-- Required work --
The answer must be an exact transcription of the lines below from the first through the one containing "Здравствуйте! Помогите решить", with the pictures left out; please add nothing else.

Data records
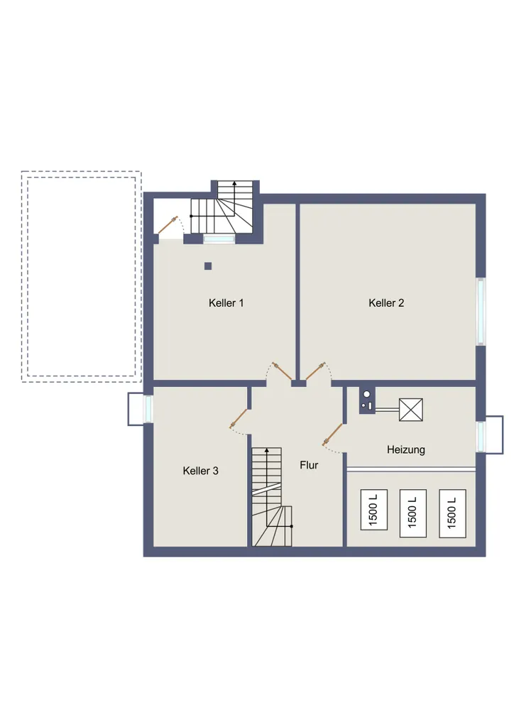 Keller: 3 Kellerräume, Heizungsraum, Kellerausgang
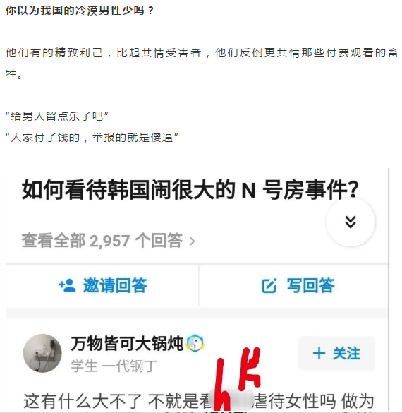 恕我直言,大多數人瞭解N號房這件事也有一個過程——從事情爆發到現在,大家接觸到這件事是有一個過程德循序和時間的先後的。不排除很多人,不知道這件事。
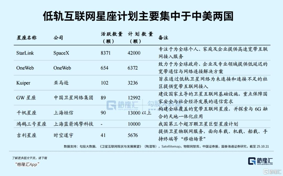 低轨卫星的轨道和频段资源是“先到先得”的稀缺品,全球可利用低轨资源有限,当前中美已占据绝对主导:美国星链在轨卫星达8371颗,占全球89.6%,规划总量超4.2万颗;中国不甘示弱,星网GW星座、千帆星座合计规划2.5万颗,2027年前将完成数千颗部署,是唯一能在规模上与美国抗衡的国家。这种“资源抢滩战”直接推动产业链加速,卫星制造、火箭发射产能持续释放。
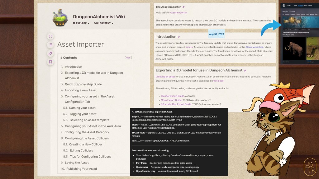 You’re actually working at a really interesting moment. The tools matured fast — 2024 into 2025 is when this became genuinely usable for someone doing exactly what you’re doing with Dungeon Alchemist assets.
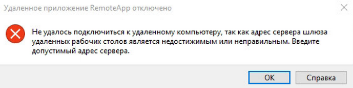Здравствуйте! Помогите решить проблему. Есть один компьютер с Windows 10 x64 1607 (14393.2007). Не могу подключиться к серверу терминалов по RemoteApp. Через RDP mstsc.exe всё отлично подключается, а через RemoteApp пишет ошибку. "Не удалось подключиться к удаленному компьютеру так как адрес сервера шлюза удаленных рабочих столов является недостижимым. Введите допустимый адрес сервера". Куда копать? Что нужно поправить? Другой компьютер с Windows 10 x64 1709 (FCU) нормально подключается через RemoteApp. Может это связано с обновлением Windows?
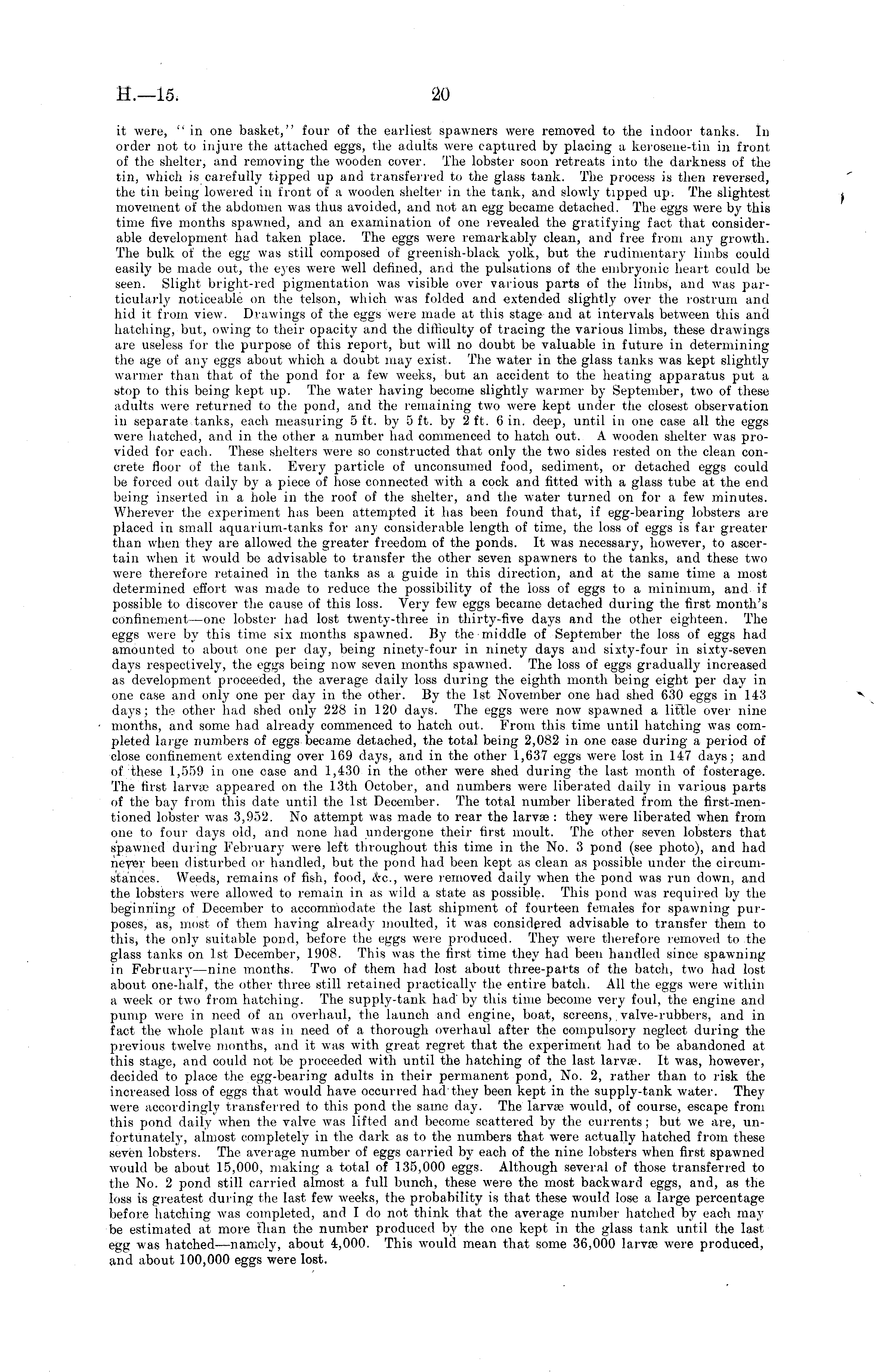 it were, "in one basket," four of the earliest spawners were removed to the indoor tanks. In order not to injure the attached eggs, the adults were captured by placing a kerosene-tin in front of the shelter, and removing the wooden cover. The lobster soon retreats into the darkness of the tin, which is carefully tipped up and transferred to the glass tank. The process is then reversed, the tin being lowered in front of a wooden shelter in the tank, and slowly tipped up. The slightest movement of the abdomen was thus avoided, and not an egg became detached. The eggs were by this time five months spawned, and an examination of one revealed the gratifying fact that considerable development had taken place. The eggs were remarkably clean, and free from any growth. The bulk of the egg was still composed of greenish-black yolk, but the rudimentary limbs could easily be made out, the eyes were well defined, and the pulsations of the embryonic heart could be seen. Slight bright-red pigmentation was visible over various parts of the limbs, and was particularly noticeable on the telson, which was folded and extended slightly over the rostrum and hid it from view. Drawings of the eggs were made at this stage and at intervals between this and hatching, but, owing to their opacity and the difficulty of tracing the various limbs, these drawings are useless for the purpose of this report, but will no doubt be valuable in future in determining the age of any eggs about which a doubt may exist. The water in the glass tanks was kept slightly warmer than that of the pond for a few weeks, but an accident to the heating apparatus put a stop to this being kept up. The water having become slightly warmer by September, two of these adults were returned to the pond, and the remaining two were kept under the closest observation in separate tanks, each measuring 5 ft. by 5 ft. by 2 ft. 6 in. deep, until in one case all the eggs were hatched, and in the other a number had commenced to hatch out. A wooden shelter was provided for each. These shelters were so constructed that only the two sides rested on the clean concrete floor of the tank. Every particle of unconsumed food, sediment, or detached eggs could be forced out daily by a piece of hose connected with a cock and fitted with a glass tube at the end being inserted in a hole in the roof of the shelter, and the water turned on for a few minutes. Wherever the experiment has been attempted it has been found that, if egg-bearing lobsters are placed in small aquarium-tanks for any considerable length of time, the loss of eggs is far greater than when they are allowed the greater freedom of the ponds. It was necessary, however, to ascertain when it would be advisable to transfer the other seven spawners to the tanks, and these two were therefore retained in the tanks as a guide in this direction, and at the same time a most determined effort was made to reduce the possibility of the loss of eggs to a minimum, and if possible to discover the cause of this loss. Very few eggs became detached during the first month's confinement —one lobster had lost twenty-three in thirty-five days and the other eighteen. The eggs were by this time six months spawned. By the middle of September the loss of eggs had amounted to about one per day, being ninety-four in ninety days and sixty-four in sixty-seven days respectively, the eggs being now seven months spawned. The loss of eggs gradually increased as development proceeded, the average daily loss during the eighth month being eight per day in one case and only one per day in the other. By the Ist November one had shed 630 eggs in 143 days; the other had shed only 228 in 120 days. The eggs were now spawned a little over nine months, and some had already commenced to hatch out. From this time until hatching was completed large numbers of eggs became detached, the total being 2,082 in one case during a period of close confinement extending over 169 days, and in the other 1,637 eggs were lost in 147 days; and of these 1,559 in one case and 1,430 in the other were shed during the last month of fosterage. The first larva? appeared on the 13th October, and numbers were liberated daily in various parts of the bay from this date until the Ist December. The total number liberated from the first-men-tioned lobster was 3,952. No attempt was made to rear the larvae : they were liberated when from one to four days old, and none had undergone their- first moult. The other seven lobsters that spawned during February were left throughout this time in the No. 3 pond (see photo), and had nrvrv been disturbed or handled, but the pond had been kept as clean as possible under the circumstances. Weeds, remains of fish, food, &c, were removed daily when the pond was run down, and the lobsters were allowed to remain in as wild a state as possible. This pond was required by the beginning of December to accommodate the last shipment of fourteen females for spawning purposes, as, most of them having already moulted, it was considered advisable to transfer them to this, the only suitable pond, before the eggs were produced. They were therefore removed to the glass tanks on Ist December, 1908. This was the first time they had been handled since spawning in February —nine months. Two of them had lost about three-parts of the batch, two had lost about one-half, the other three still retained practically the entire batch. All the eggs were within a week- or two from hatching. The supply-tank had by this time become very foul, the engine and pump were in need of an overhaul, the launch and engine, boat, screens,, valve-rubbers, and in fact the whole plant was in need of a thorough overhaul after the compulsory neglect during the previous twelve months, and it was with great regret that the experiment had to be abandoned at this stage, and could not be proceeded with until the hatching of the last larvae. It was, however, decided to place the egg-bearing adults
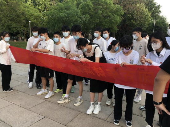 图为2021级材料化学班团支部成员在横幅上签名、合影
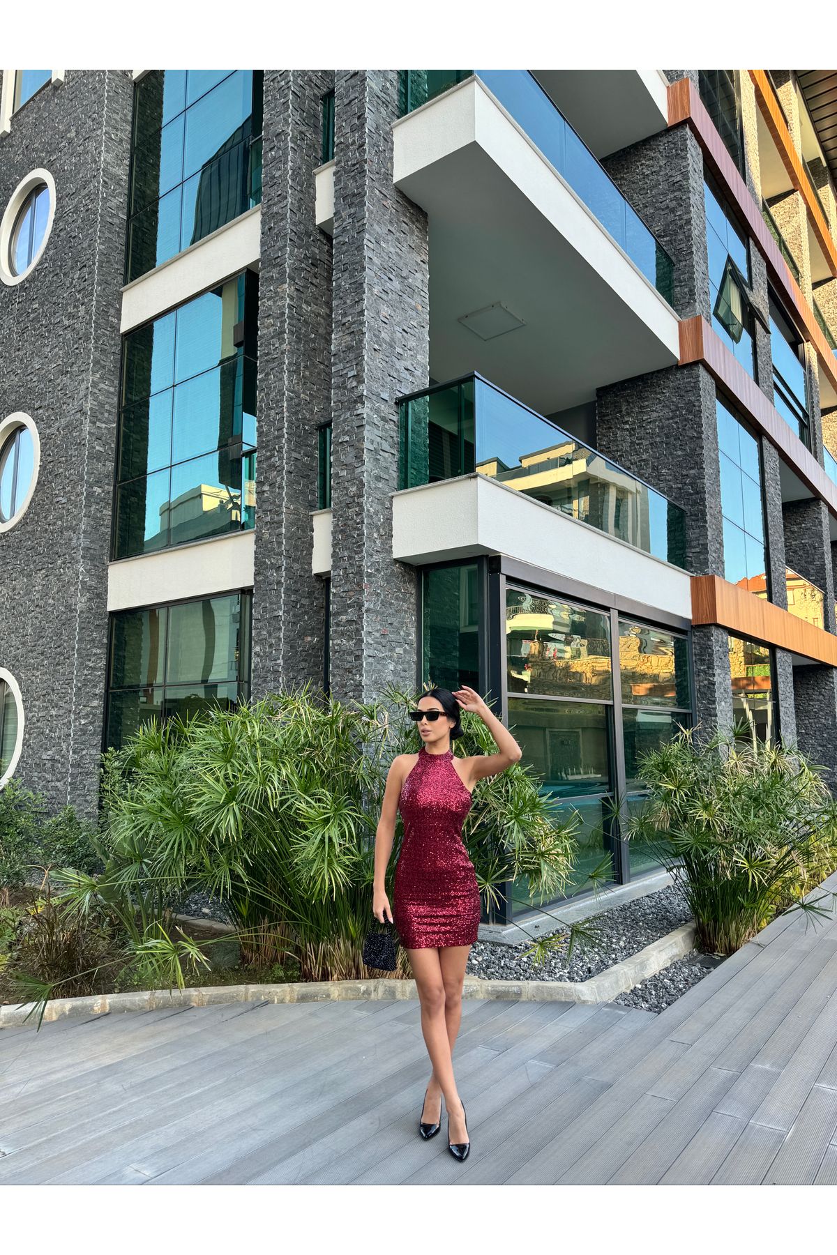 Kadın İthal Pul Payet Taş Detay Elbise Kadın İthal Pul Payet Taş Detay Elbise imep L
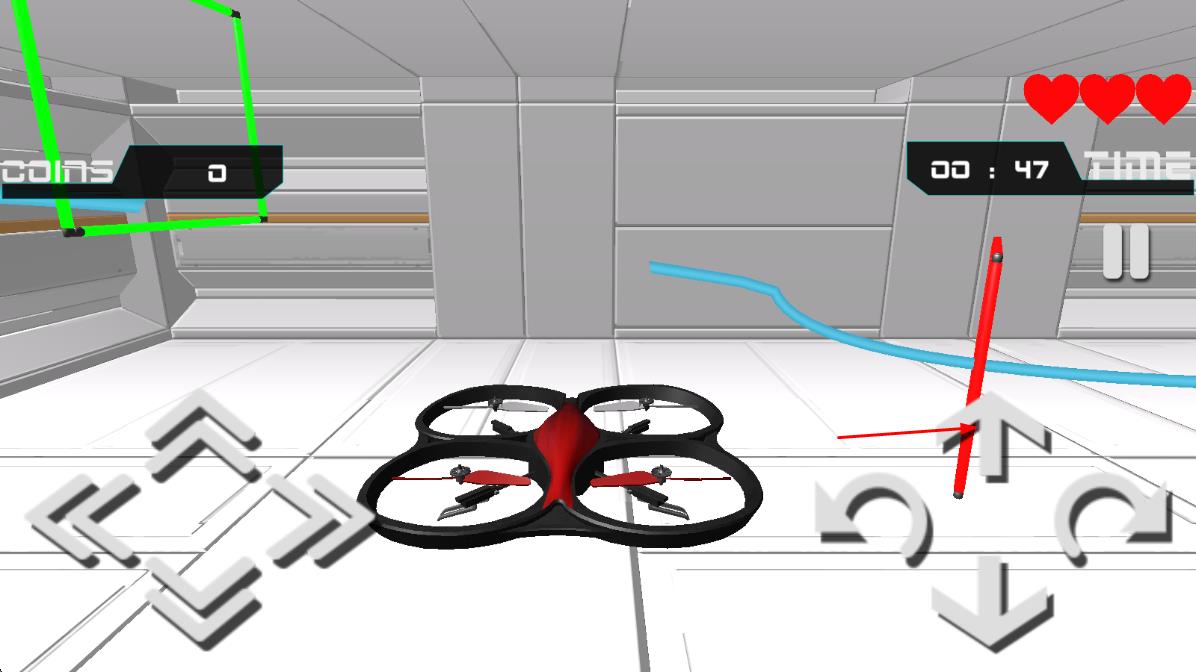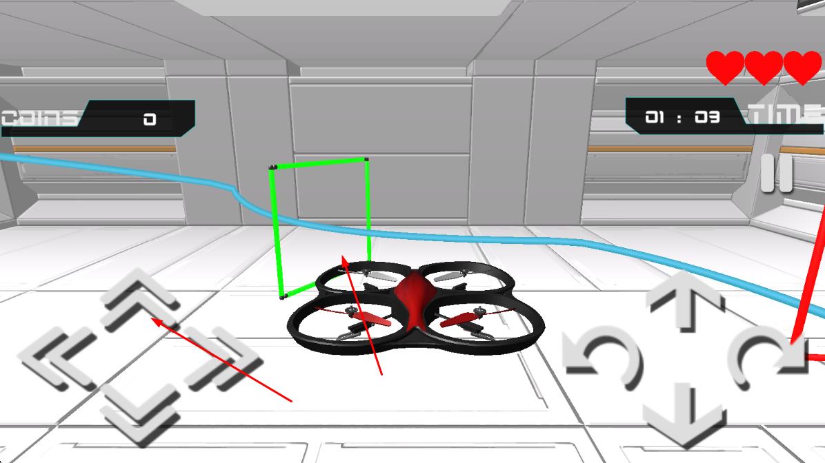 2、操控虛擬搖桿控制無人機(jī)升降與平移,根據(jù)關(guān)卡提示穿越指定障礙區(qū)域,躲避途中的激光與移動(dòng)障礙物。

-- Completed task --
 Keller: 3 Kellerräume, Heizungsraum, Kellerausgang
 恕我直言,大多數人瞭解N號房這件事也有一個過程——從事情爆發到現在,大家接觸到這件事是有一個過程德循序和時間的先後的。不排除很多人,不知道這件事。
 低轨卫星的轨道和频段资源是“先到先得”的稀缺品,全球可利用低轨资源有限,当前中美已占据绝对主导:美国星链在轨卫星达8371颗,占全球89.6%,规划总量超4.2万颗;中国不甘示弱,星网GW星座、千帆星座合计规划2.5万颗,2027年前将完成数千颗部署,是唯一能在规模上与美国抗衡的国家。这种“资源抢滩战”直接推动产业链加速,卫星制造、火箭发射产能持续释放。
 You’re actually working at a really interesting moment. The tools matured fast — 2024 into 2025 is when this became genuinely usable for someone doing exactly what you’re doing with Dungeon Alchemist assets.
Здравствуйте! Помогите решить проблему. Есть один компьютер с Windows 10 x64 1607 (14393.2007). Не могу подключиться к серверу терминалов по RemoteApp. Через RDP mstsc.exe всё отлично подключается, а через RemoteApp пишет ошибку. "Не удалось подключиться к удаленному компьютеру так как адрес сервера шлюза удаленных рабочих столов является недостижимым. Введите допустимый адрес сервера". Куда копать? Что нужно поправить? Другой компьютер с Windows 10 x64 1709 (FCU) нормально подключается через RemoteApp. Может это связано с обновлением Windows?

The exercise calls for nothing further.